(What to do):
The answer should hold only the lines from the beginning of the listing below to the line containing "Взгляните на эту", both included, with every picture left out.

(Extracted entries):

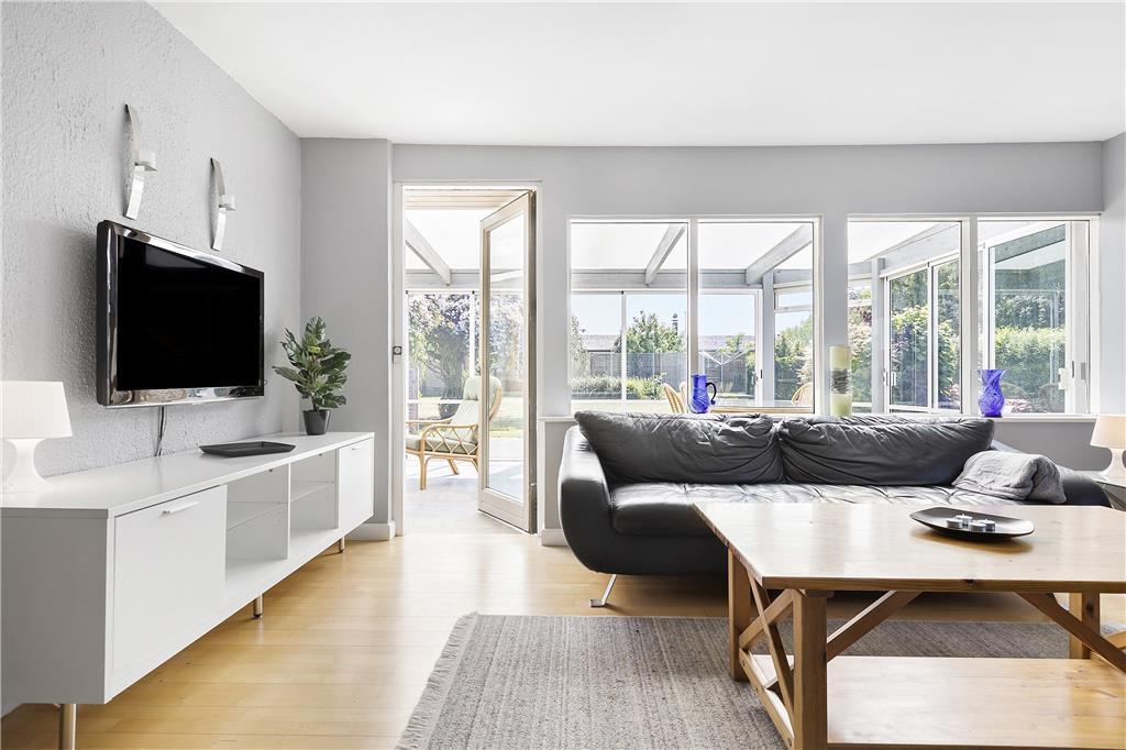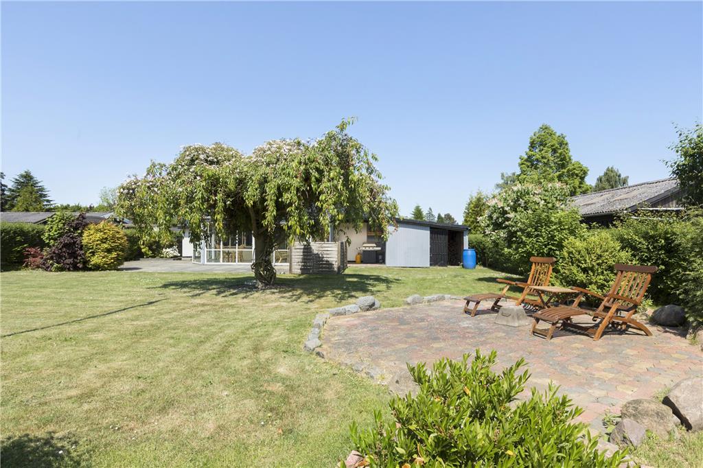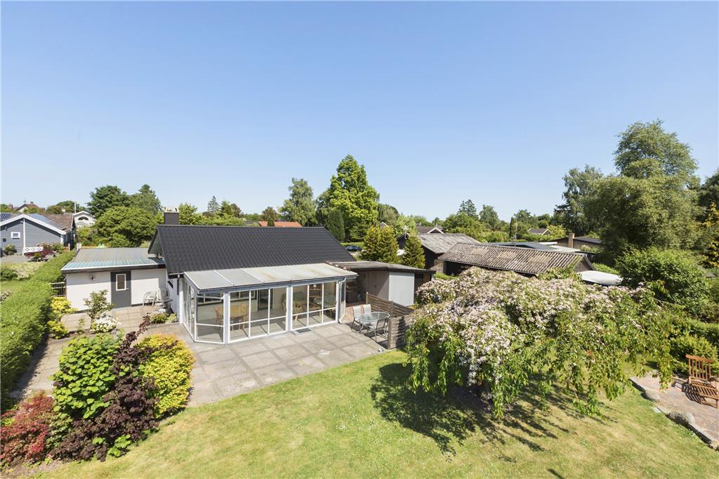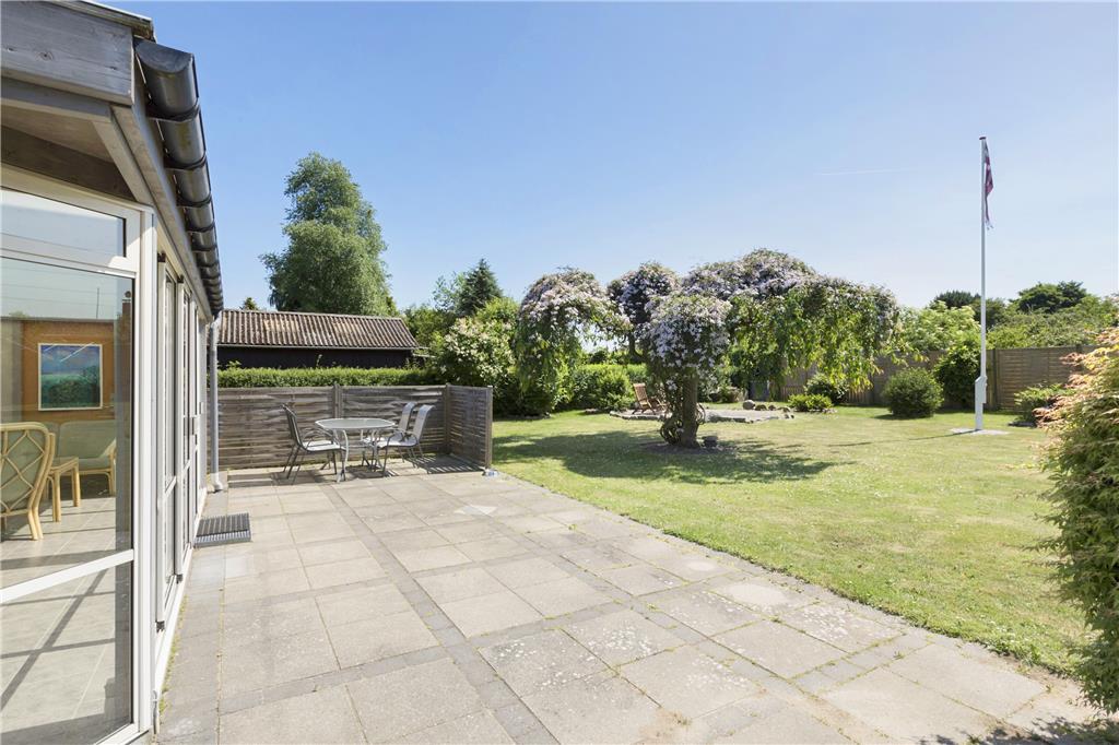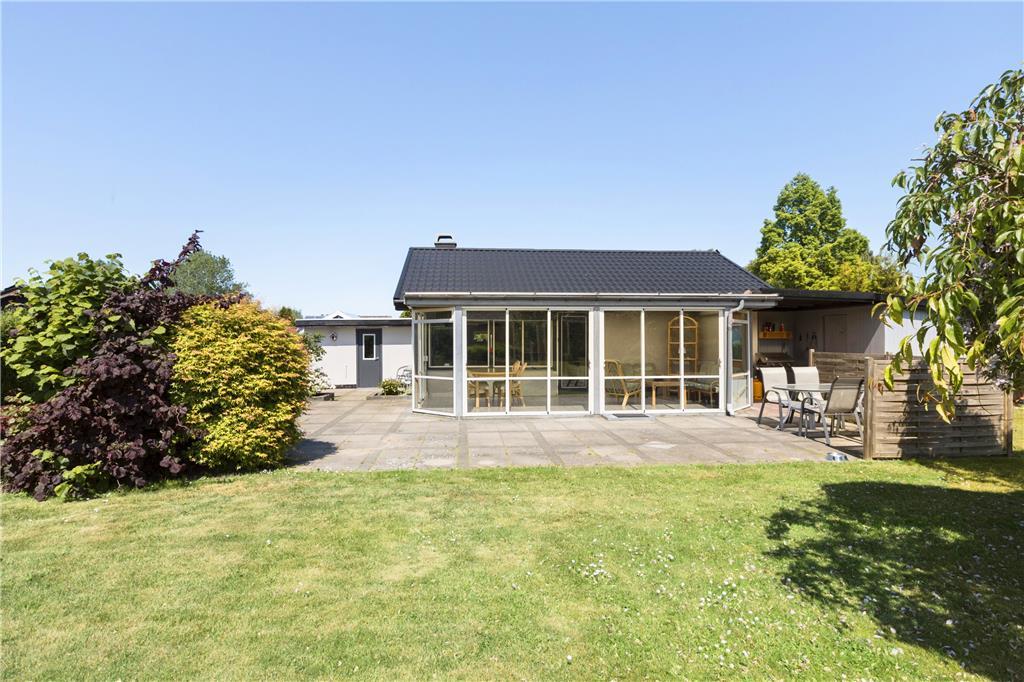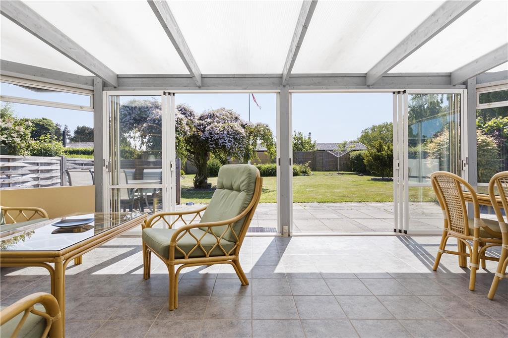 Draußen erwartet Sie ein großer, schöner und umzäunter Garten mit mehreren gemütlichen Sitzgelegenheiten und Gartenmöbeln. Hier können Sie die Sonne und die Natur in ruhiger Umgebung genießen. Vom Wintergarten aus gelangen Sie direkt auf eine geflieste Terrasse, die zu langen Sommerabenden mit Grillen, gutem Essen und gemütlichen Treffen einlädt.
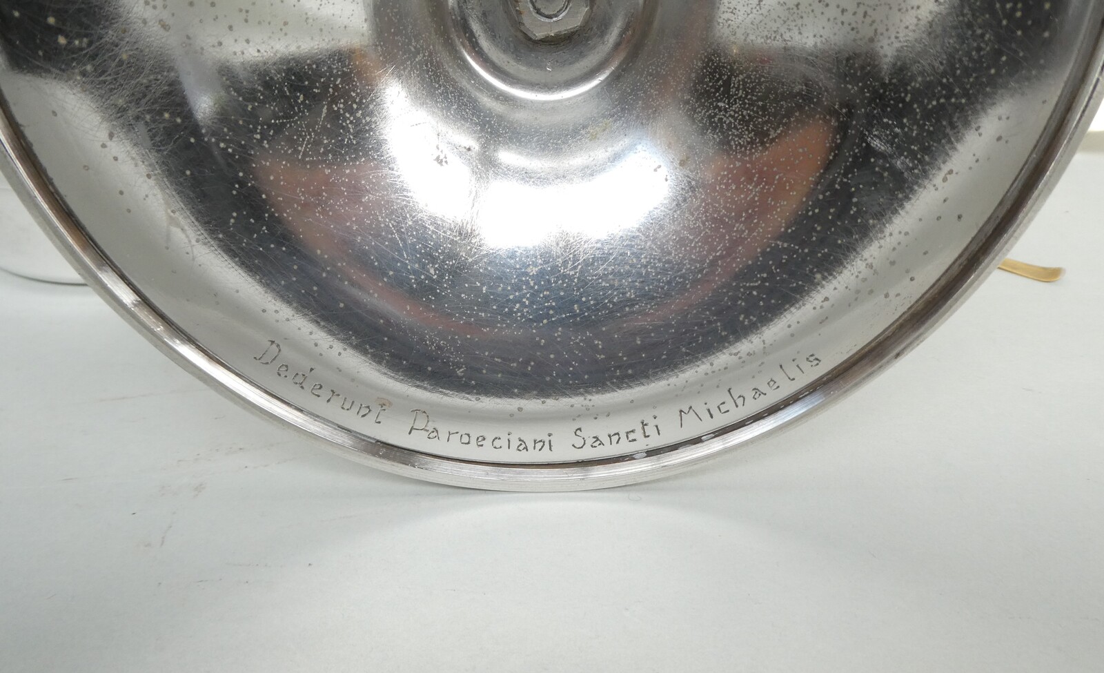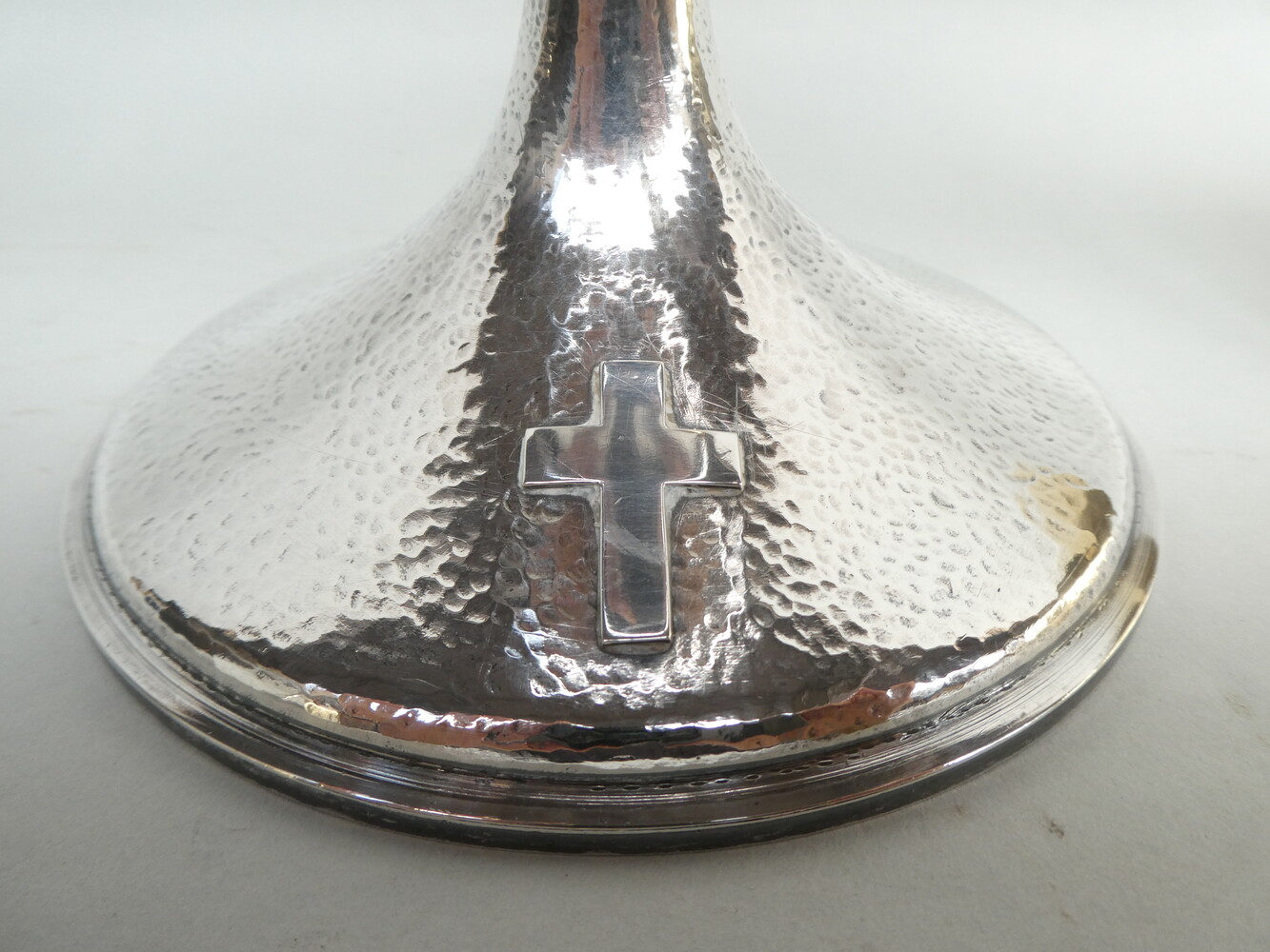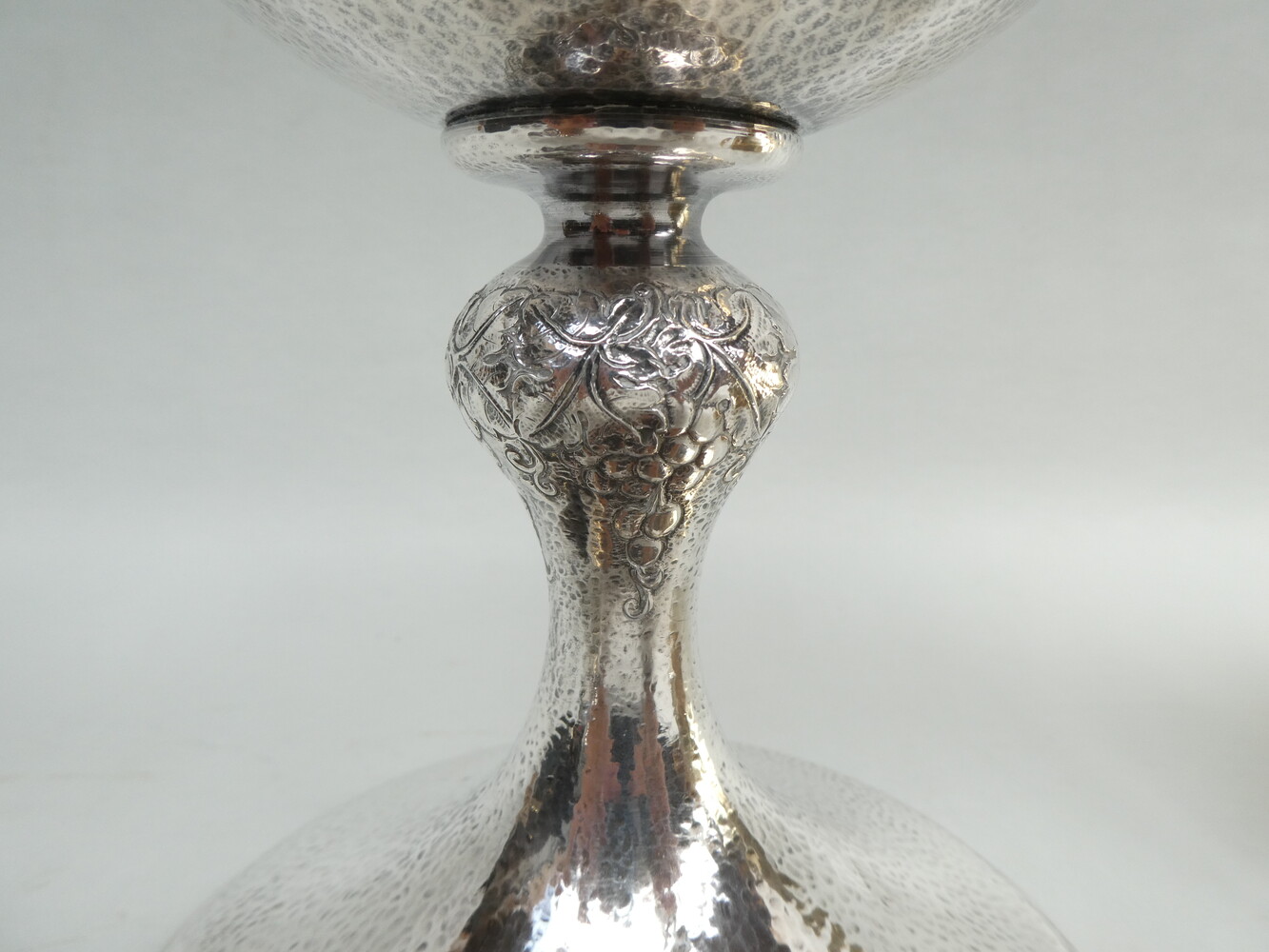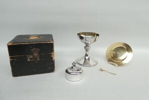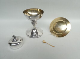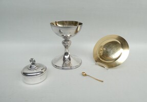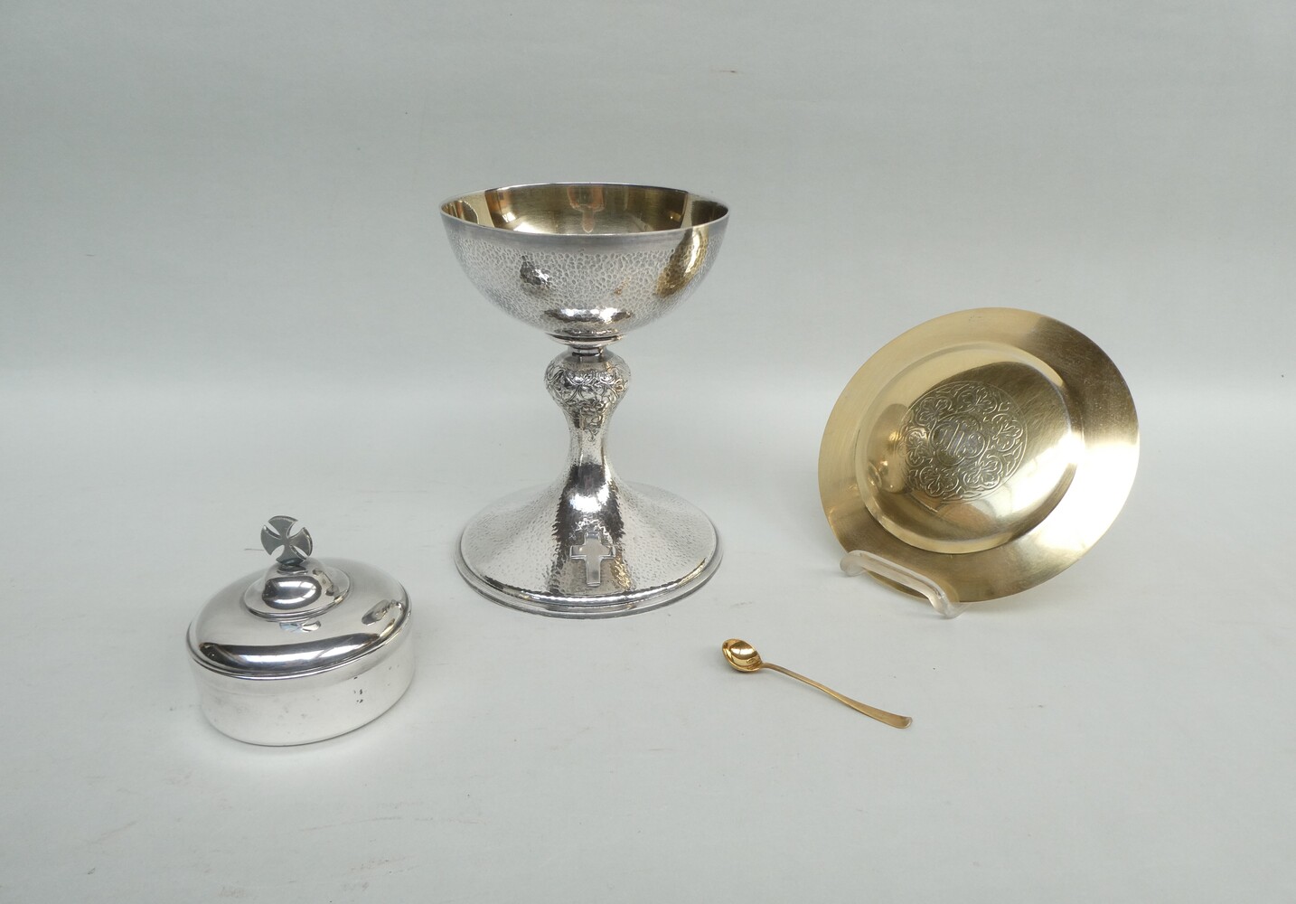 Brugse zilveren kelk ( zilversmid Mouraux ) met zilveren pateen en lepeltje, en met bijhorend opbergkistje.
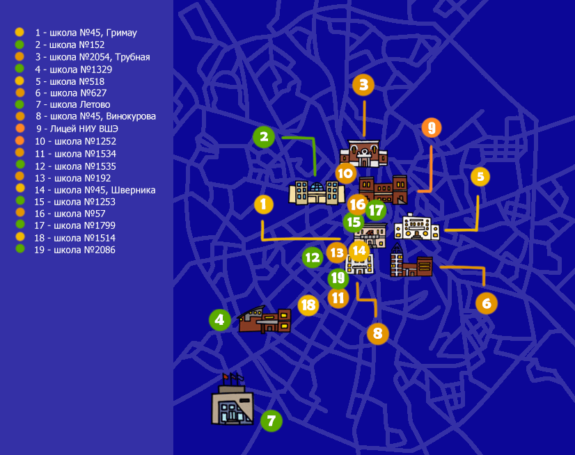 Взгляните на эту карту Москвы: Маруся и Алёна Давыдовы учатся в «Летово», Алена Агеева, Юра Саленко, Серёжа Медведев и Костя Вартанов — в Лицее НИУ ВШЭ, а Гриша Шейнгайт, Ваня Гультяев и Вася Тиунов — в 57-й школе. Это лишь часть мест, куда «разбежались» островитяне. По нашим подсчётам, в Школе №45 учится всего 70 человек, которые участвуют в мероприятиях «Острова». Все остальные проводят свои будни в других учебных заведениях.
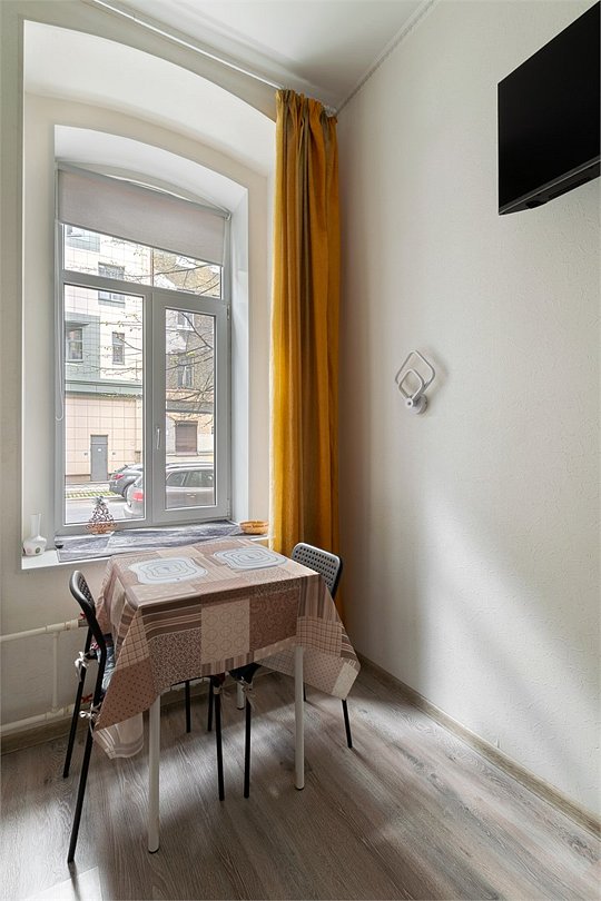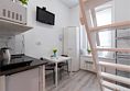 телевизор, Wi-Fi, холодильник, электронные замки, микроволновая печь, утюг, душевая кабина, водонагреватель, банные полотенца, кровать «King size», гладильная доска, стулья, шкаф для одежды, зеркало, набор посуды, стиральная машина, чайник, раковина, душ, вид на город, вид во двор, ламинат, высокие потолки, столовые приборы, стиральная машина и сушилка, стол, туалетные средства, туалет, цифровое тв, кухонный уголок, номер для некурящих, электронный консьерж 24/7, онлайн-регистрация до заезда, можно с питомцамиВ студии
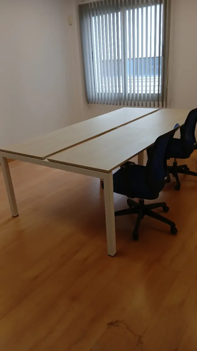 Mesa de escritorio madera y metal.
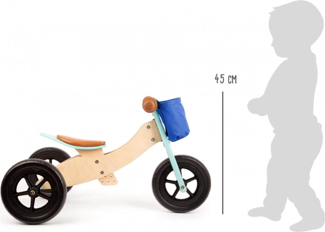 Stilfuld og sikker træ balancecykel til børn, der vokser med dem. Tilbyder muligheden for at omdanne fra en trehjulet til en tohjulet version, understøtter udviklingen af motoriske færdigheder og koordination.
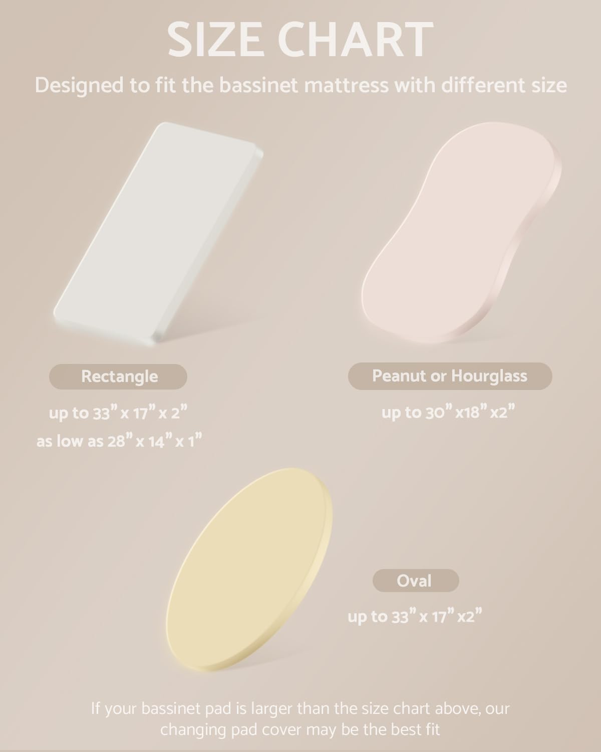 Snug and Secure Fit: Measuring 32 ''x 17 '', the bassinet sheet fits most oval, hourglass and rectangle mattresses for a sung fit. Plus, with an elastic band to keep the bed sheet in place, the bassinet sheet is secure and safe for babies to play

(Exercise response):
 Draußen erwartet Sie ein großer, schöner und umzäunter Garten mit mehreren gemütlichen Sitzgelegenheiten und Gartenmöbeln. Hier können Sie die Sonne und die Natur in ruhiger Umgebung genießen. Vom Wintergarten aus gelangen Sie direkt auf eine geflieste Terrasse, die zu langen Sommerabenden mit Grillen, gutem Essen und gemütlichen Treffen einlädt.
 Brugse zilveren kelk ( zilversmid Mouraux ) met zilveren pateen en lepeltje, en met bijhorend opbergkistje.
 Взгляните на эту карту Москвы: Маруся и Алёна Давыдовы учатся в «Летово», Алена Агеева, Юра Саленко, Серёжа Медведев и Костя Вартанов — в Лицее НИУ ВШЭ, а Гриша Шейнгайт, Ваня Гультяев и Вася Тиунов — в 57-й школе. Это лишь часть мест, куда «разбежались» островитяне. По нашим подсчётам, в Школе №45 учится всего 70 человек, которые участвуют в мероприятиях «Острова». Все остальные проводят свои будни в других учебных заведениях.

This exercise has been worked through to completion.